When robots learn by watching humans perform tasks, they often copy everything, even the little mistakes like shaky hands or pauses. This 'noise' in the human demonstrations makes the robot's movements less smooth and consistent, causing it to drift off course and fail, especially in tasks that require precise movements like carefully manipulating objects. Essentially, the robot is too literal and doesn't understand the *intent* behind the action, just the exact way a human did it.
What's the solution?
The researchers developed a method called Action Coherence Guidance (ACG) that helps the robot smooth out its actions *while* it's performing a task, without needing any extra training. It's like a real-time 'coach' that encourages the robot to make its movements more fluid and purposeful, ignoring the small imperfections it learned from the human demonstrations.
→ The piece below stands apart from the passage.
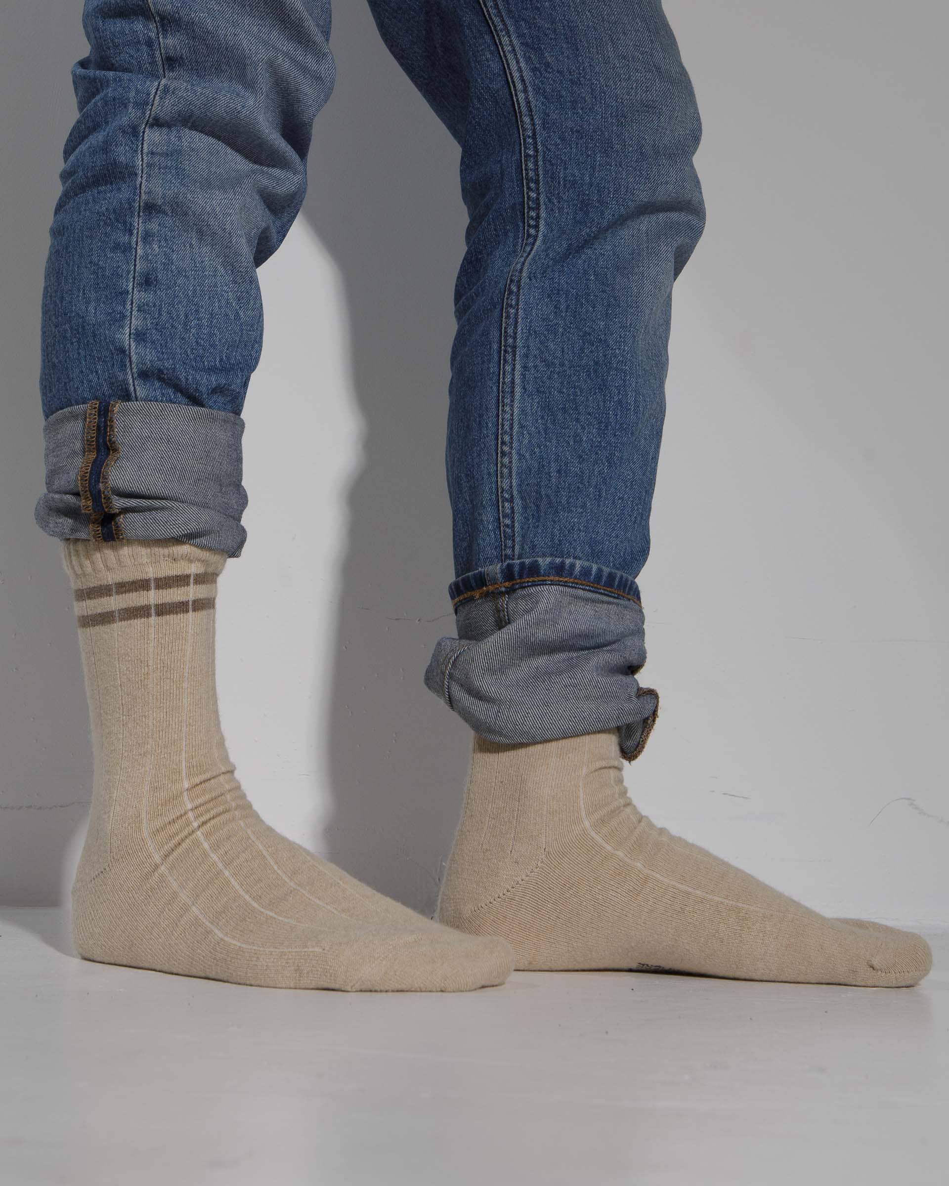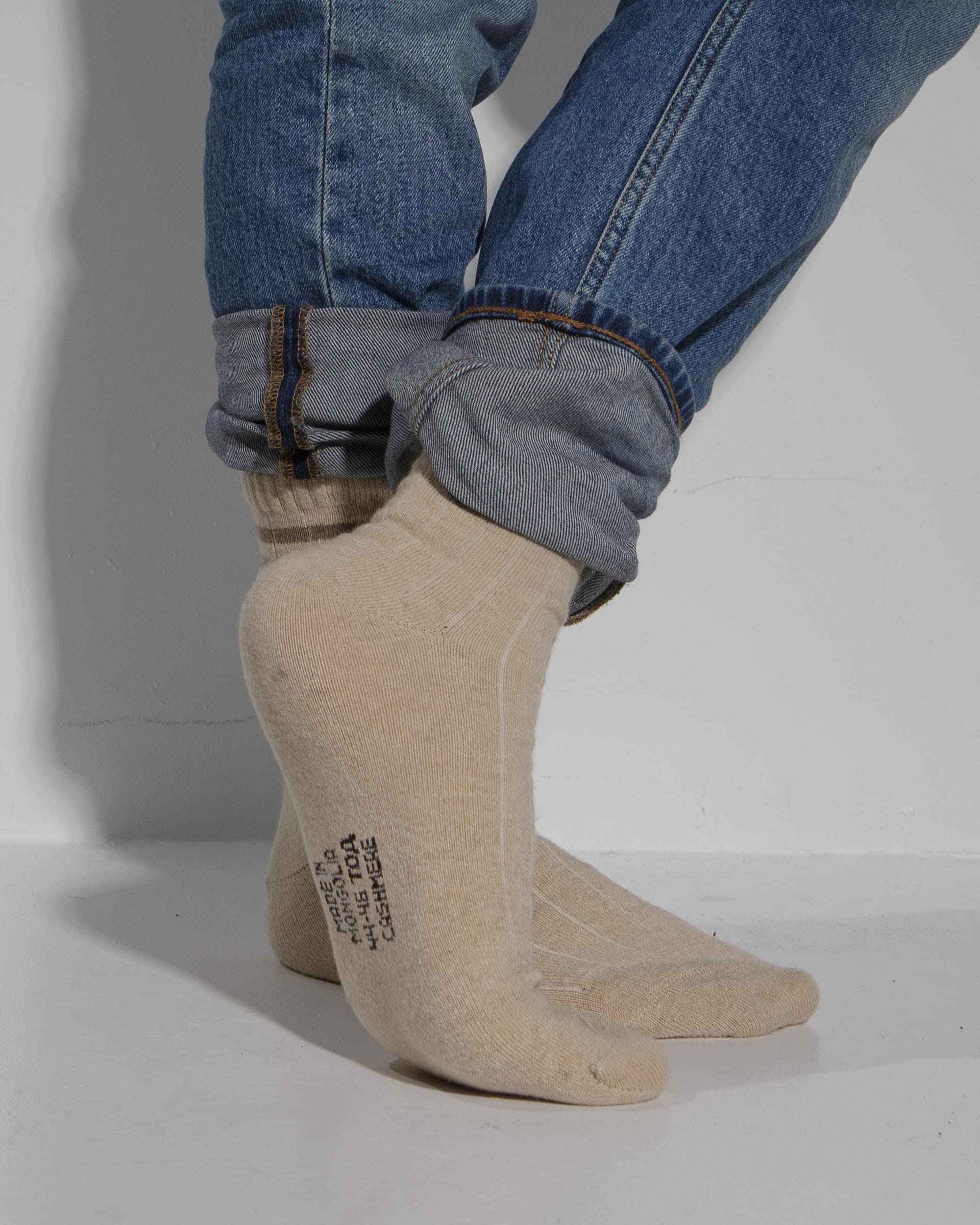 Носочки из монгольского кашемира не нуждаются в сложных описаниях. Тот, кто хоть однажды надевал их, становится поклонником кашемира на всю жизнь. Теплые, уютные, мягкие, - они сохранят тепло ножек, избавят их от лишней влажности. При всех своих достоинствах носки остаются тонкими и без проблем входят даже в самые узкие сапоги. У нас носки из кашемира представлены в двух расцветках – молочные с двумя серыми полосками и серые с двумя светлыми полосками.

This guidance is applied during the robot's operation, not during the learning phase.
Why it matters?
This work is important because it makes robots much more reliable at performing complex tasks, particularly those requiring fine motor skills. By improving the smoothness and accuracy of robot movements, ACG allows robots to successfully complete tasks in various environments, including real-world scenarios, and opens the door for more practical applications of robot assistants.
Abstract
Diffusion and flow matching models have emerged as powerful robot policies, enabling Vision-Language-Action (VLA) models to generalize across diverse scenes and instructions. Yet, when trained via imitation learning, their high generative capacity makes them sensitive to noise in human demonstrations: jerks, pauses, and jitter which reduce action coherence. Reduced action coherence causes instability and trajectory drift during deployment, failures that are catastrophic in fine-grained manipulation where precision is crucial. In this paper, we present Action Coherence Guidance (ACG) for VLA models, a training-free test-time guidance algorithm that improves action coherence and thereby yields performance gains. Evaluated on RoboCasa, DexMimicGen, and real-world SO-101 tasks, ACG consistently improves action coherence and boosts success rates across diverse manipulation tasks. Code and project page are available at https://github.com/DAVIAN-Robotics/ACG and https://DAVIAN-Robotics.github.io/ACG , respectively.